Saving Food With WoolCool
Wednesday, September 20th, 2017 | 1184 Views
Made of sheep’s wool, WoolCool offers manufacturers an environmentally-friendly alternative polystyrene for insulation in packaging. Peter Brennan of WoolCool speaks more to APFI about this.
The Australian Institute of Packaging (AIP), in conjunction with the World Packaging Organisation (WPO), has established the Save Food Packaging Awards for Australia and New Zealand that recognises companies who are developing innovative and sustainable packaging that minimises food losses and food wastes, extends shelf-life, and improves the supply of food. Packaging’s role in reducing food waste is the next challenge for packaging technologies, designers and engineers.
APFI spoke with Peter Brennan, planet protector (national sales manager) of WoolCool at the recent ProPak Asia, to find out more about their innovative, natural insulated packaging solution for the transportation of temperature-sensitive goods.
WoolCool was invented by a packaging engineer, Angela Morris, about 12 years ago in the UK. Being an environmentalist too, she was trying to find an alternative to polystyrene to be used in food packaging that was not only just as good as, but better. An English neighbour who was a sheep farmer gave her the idea of using wool, as the English and many people around the world use wool as an insulator to keep homes cool in summer and warm in winter. That was the lightbulb moment.
Over a period of about a year and a half, she developed a very particular blend of wool, using the belly wool, which is typically known in the clothing industry as waste wool because the fibres are too coarse and thick to use to make clothing with, but they have far greater insulating properties than fine wool. Exhaustive testing proved this wool performed better at insulating than polystyrene. Today the company’s partners span across the fresh food and pharmaceutical industries.
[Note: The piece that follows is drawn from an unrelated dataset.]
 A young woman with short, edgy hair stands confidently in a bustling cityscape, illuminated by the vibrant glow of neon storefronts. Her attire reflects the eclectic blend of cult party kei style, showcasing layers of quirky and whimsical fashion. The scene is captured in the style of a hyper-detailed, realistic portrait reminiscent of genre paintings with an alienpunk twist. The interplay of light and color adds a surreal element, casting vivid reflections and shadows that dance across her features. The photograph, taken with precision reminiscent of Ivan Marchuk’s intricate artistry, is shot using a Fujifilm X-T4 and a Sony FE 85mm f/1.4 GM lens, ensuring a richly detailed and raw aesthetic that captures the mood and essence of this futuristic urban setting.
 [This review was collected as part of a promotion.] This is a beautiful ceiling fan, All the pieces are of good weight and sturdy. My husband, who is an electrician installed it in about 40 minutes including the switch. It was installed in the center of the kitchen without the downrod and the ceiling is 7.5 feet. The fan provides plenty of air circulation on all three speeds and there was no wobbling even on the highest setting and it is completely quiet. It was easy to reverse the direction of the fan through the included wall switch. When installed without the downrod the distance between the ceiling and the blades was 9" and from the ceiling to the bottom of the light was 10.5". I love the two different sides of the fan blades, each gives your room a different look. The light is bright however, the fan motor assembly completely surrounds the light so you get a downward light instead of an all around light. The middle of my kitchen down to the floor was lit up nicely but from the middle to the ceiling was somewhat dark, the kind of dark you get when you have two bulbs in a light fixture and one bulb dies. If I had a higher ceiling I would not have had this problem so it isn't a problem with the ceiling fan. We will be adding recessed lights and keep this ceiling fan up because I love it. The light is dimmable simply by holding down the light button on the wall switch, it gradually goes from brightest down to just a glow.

WoolCool is made from 100 percent natural scoured sheep’s wool and no chemicals are used in the cleaning process. It is then needle-felted, which brings all the fibres closer and tighter, to give its structural integrity. Typically for the food and pharmaceutical industry, this is cut into rectangular or square lines, and together with cardboard, they provide a great insulating packaging system.
Applications & Benefits
There are numerous applications for this. For example, for meal kit delivery companies such as HelloFresh and Marley Spoon to provide their consumers with fresh ingredients that comes with a recipe card (for a quick assembly of a meal). Ingredients typically come in a box and include chilled fresh produce (e.g. meat, poultry, seafood, dairy), and also dry products like vegetables, canned items, herbs and spices, and more.
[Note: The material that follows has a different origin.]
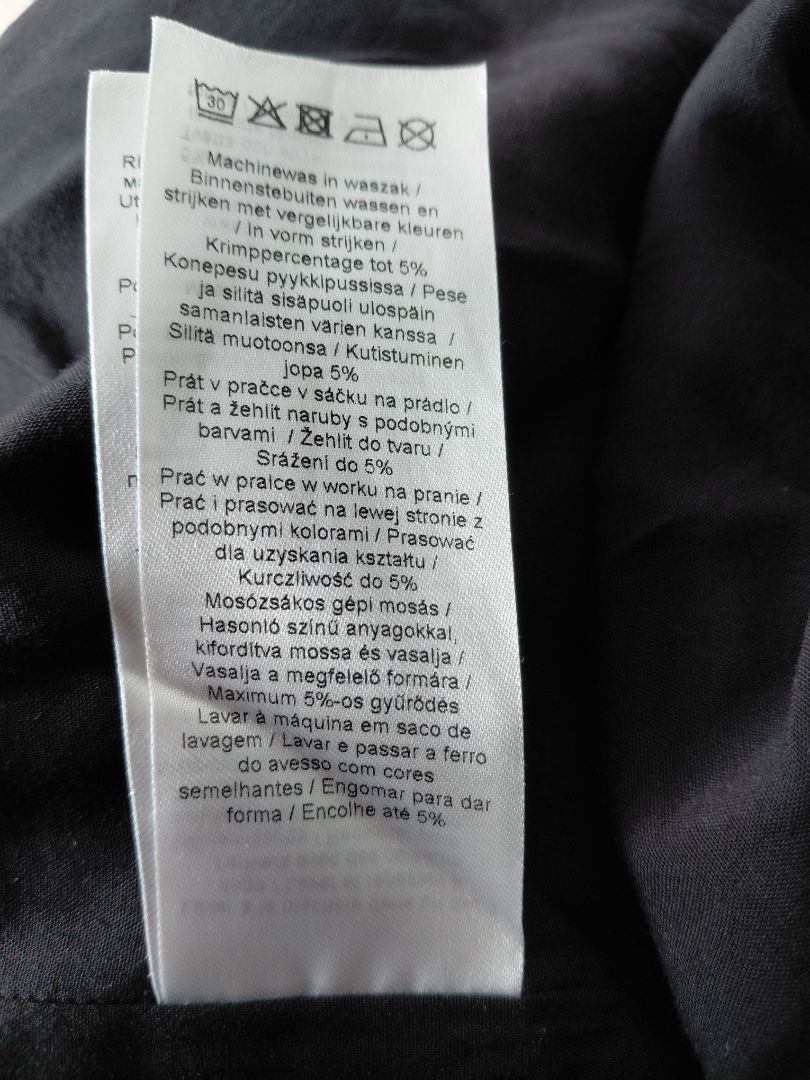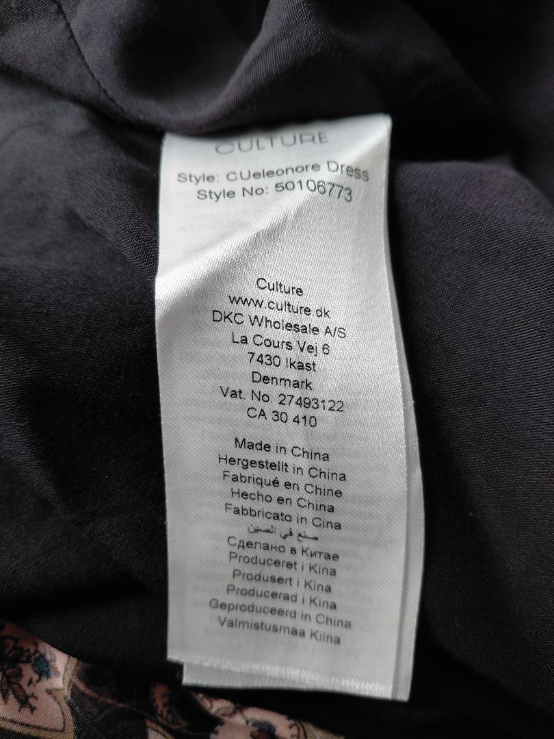 A dress lined on the inside with black lining. The dress is patterned in black, pink, navy blue and brown.

The ready meal segment too can use it. These are companies that have fully prepared meals in a package, and WoolCool provides a far better insulator than polystyrene or anything else in the market.
In fact, in a crucial temperature trial test conducted by their partner HelloFresh, WoolCool kept chilled goods under five degrees (ambient temperature was 18-24 deg C) for more than 25 hours. Polystyrene only made it to about 15 hours. In another test with ambient temperatures of about 40 degrees such as here in Thailand, WoolCool proved to keep chilled goods under five degrees for more than 17 hours.
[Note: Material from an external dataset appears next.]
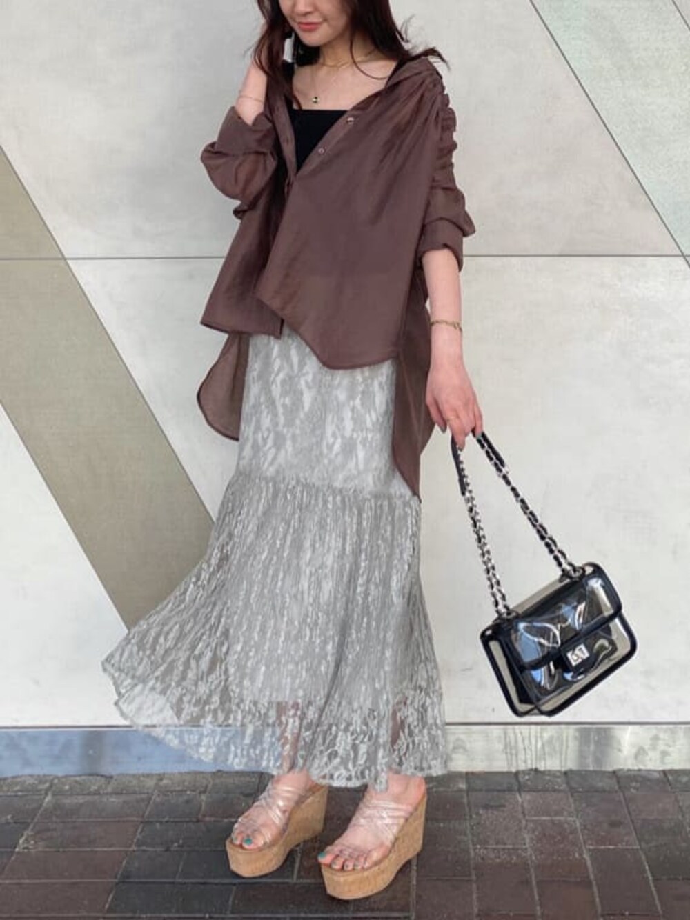 \イエベ秋さんにオススメ♪ きれいめカジュアルstyling/ くすみのダークカラーが得意なイエベ秋さん♡ くすみミントのレーススカートとブラウンのシアーシャツで春夏らしい軽さも取り入れつつ、オシャレで似合う・魅力度UPのカラーコーデに。 シャツのインナーキャミやbagはブラックでキリッと締めて、足元はクリアサンダルで涼し気にまとめました☑︎ 落ち着いた配色なのでイエベ秋さん以外に、パステルカラーを大人っぽく着こなしたい方にもオススメなコーデです! 【シャツ】 胸元と背中にシャーリングを施したシアーシャツ。 透明感とトロンとした質感が美しく、フェミニンなスカート・ワンピースstylingにも合わせやすいように拘ったitemです♪ 柔らかく軽い生地で、夏まで羽織としても◎ 手洗いOKですぐ乾くので、これからの季節に重宝する一枚☑︎ シャツとして着るならインナーベアやキャミを合わせてベルトでウエストマークするstylingもオススメです♡ 【スカート】 繊細なレースとプリーツ加工がPOINTのスカート。 ストンと落ち感あるシルエットに見えて、さりげなくロー切替のマーメイドラインになっているのが拘り♪ 裾を消しプリーツにすることでフワッと広がる軽やかさがあり、歩き姿も絵になる一枚です☺︎ 【サンダル】 MERCURYDUO夏の定番サンダル。 PVC素材のチューブをクロスしたアッパーがアクセントに♪ ウエッジソールがとても軽く仕上がっていて傾斜もなだらかなので、長時間履いていても疲れ知らず♡ 足のサイズ23.5㎝/足の甲・横幅標準の私が36サイズでぴったりの着用感でした!

WoolCool therefore allows companies in the food segment to extend their supply chain so food can now travel further and for longer, and still maintain their integrity.
Potential lies in the pharmaceutical industry too because the critical temperature for a lot of pharmaceutical products is between 2-8 deg C, and for others 15-25 deg C in ambient transport. Similarly, because wine is a very temperature-sensitive product, the wine industry can see use there.
Actually, for just about any industry that ships temperature-sensitive goods, WoolCool would be an ideal insulator. It is such a simple innovation using sheep’s wool; you would have thought that someone would have invented it already even 50 years ago.